Tuca

Erst Ende Juni 2014 haben wir es geschafft, für Dich endlich einen liebevollen Platz zu finden und Du durftest kommen. Ich weiß noch, Du warst so aufgeregt und dabei so freundlich und fröhlich und konntest gar nicht glauben, was da nun passiert. Begeistert hast Du alles aufgenommen, was um Dich herum passiert ist. Meine Leckerchen gefressen, obwohl Du kaum beißen konntest mangels Zähnen.

Und egal, wer mit Dir zu tun hatte, jeder liebte Dich von der ersten Sekunde an. Alleine von der Abholung nach München, bis zu Deiner Dauerpflegestelle hätten wir Dich schon zweimal vermitteln können.

So lange ungesehen, so lange ungeliebt und kaum in Deutschland wollte Dich jeder. Nein, manchmal kann man es nicht verstehen. Miriam und ich haben Dich nach Nürnberg gefahren, Tanja zu Frau L. und alle waren berührt von Deiner Sanftheit und der Liebe, mit der Du alle sofort in Dein großes Hundeherz geschlossen hast. Alle Menschen, alle Tiere.

Klapperdürr warst Du, aber das Röntgen und die Untersuchungen ergaben keinen Befund, der darauf schließen ließ, dass Du schon so bald gehen würdest.

Essen war immer ganz schwierig und man musste sich daran gewöhnen, dass Du zwei Tage oft gar nichts gefressen hast, um dann am dritten Tag voll zuzuschlagen. Laufen ging nur noch kurze Strecken, aber der läufigen Hündin konntest Du dann doch noch hinterher und man musste Dich mit vereinten Kräften wieder einfangen ☺

Dein Hundebett hast Du verschmäht, zu weit weg von Frauchen, der lagst Du immer zu Füßen und warst, egal wie, immer in ihrer Nähe.

Regen war auch nichts für Dich, da wolltest Du lieber nicht raus gehen.
Selbst die scheue Katze hat mit Dir gekuschelt und wenn der Freund der Familie kam, hast Du Freudentänze veranstaltet.

Alles hat sich eingespielt, aber dann bist Du mitten beim Spazierengehen zusammengebrochen, hast Dich nach gutem Zureden noch mal berappelt und konntest aus eigener Kraft nach Hause gehen. Da bist Du dann vollkommen zusammengebrochen und Blut lief Dir aus der Nase.
Wir wissen nicht, war es ein Schlaganfall oder eine Hirnblutung, ausgelöst durch einen alten Schlag auf den Kopf aus Deiner Vergangenheit. Du solltest nicht länger unnötig leiden müssen und so kam der TA am 30.12.2014, um Dich zu erlösen.

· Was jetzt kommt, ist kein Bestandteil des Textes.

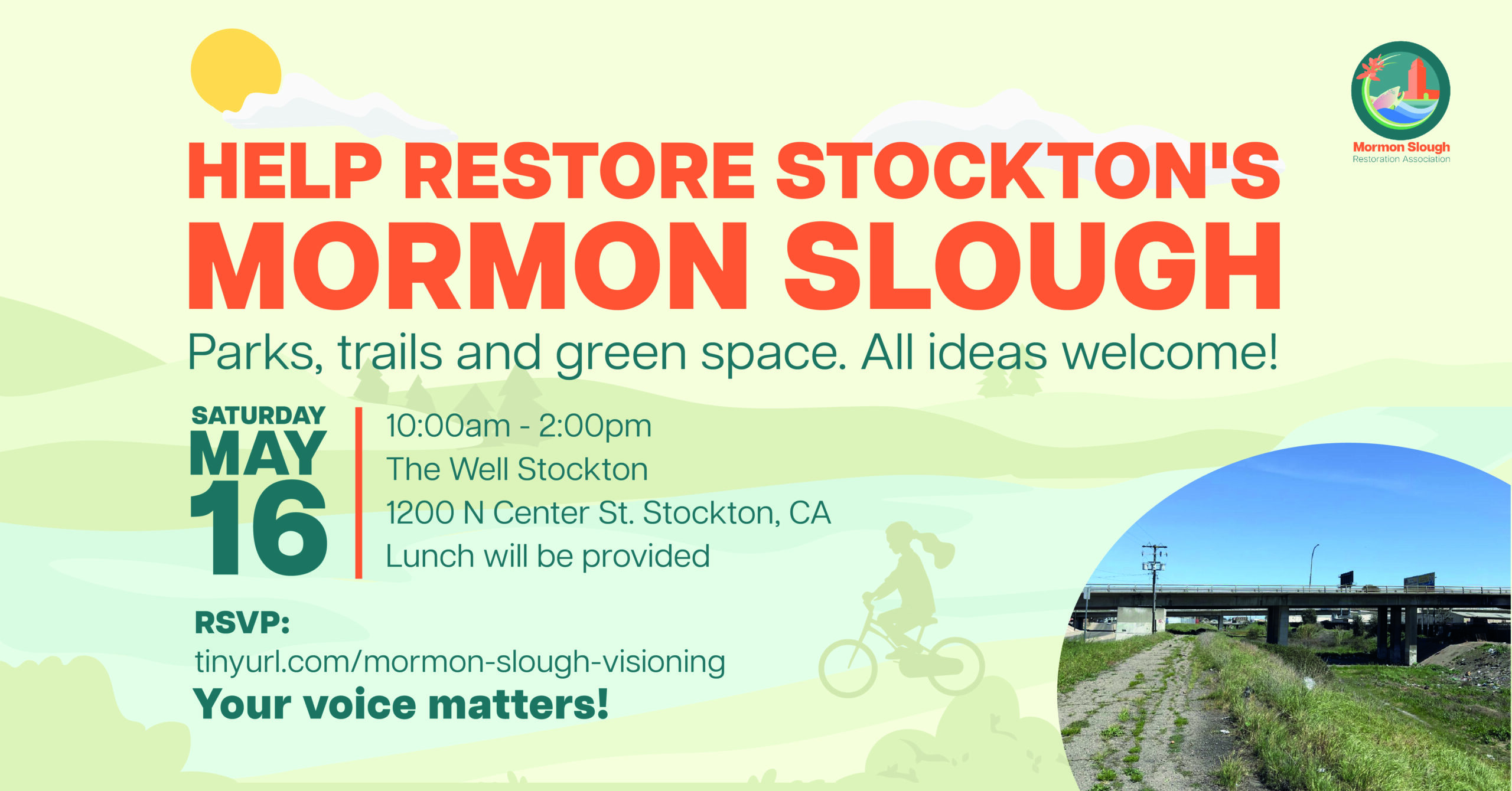 While this is a community-led initiative, we are working in partnership with city and county agencies, including the City of Stockton, City County, County officials, and the San Joaquin Area Flood Control Agency.

Danke, Tuca, für Deine Freundschaft und dafür, dass Du uns Menschen niemals aufgegeben hast. Ich wünsche Dir Frieden und Liebe, wo auch immer Du nun bist. Du bist als geliebter Hund gegangen und durftest wenigstens eine kurze Zeit glücklich sein. Möge sich Dein Leiden in dieser Welt und Deine unerschöpfliche Liebe nun tausendfach auszahlen. Ruhe in Frieden, Tuca, wir werden Dich niemals vergessen, denn in unseren Herzen hast Du sanfte Spuren hinterlassen.

Liebe Frau L., wir trauern mit Ihnen, dass Sie nun nach Cindy (Teresa) nun schon zum zweiten Mal ein altes Hundeseelchen haben verabschieden müssen. Und wir danken Ihnen von ganzem Herzen, dass Sie so selbstverständlich für die Armen der Armen da waren, die, die kein anderer wollte und die, die ohne Sie wohl kaum eine Chance gehabt hätten. Wir danken Ihnen für die Selbstverständlichkeit, mit der Sie die Dinge tun, die Sie tun. Nie kommt ein Klagen über Ihre Lippen, nie ist Ihnen was zu viel, immer sind Sie bereit, zum Wohle Ihrer Tiere alles andere hinten anzustellen und das zu tun, was getan werden muss. Danke, dass es Sie gibt und danke, dass Sie für unsere Hunde da waren und auch weiterhin da sind.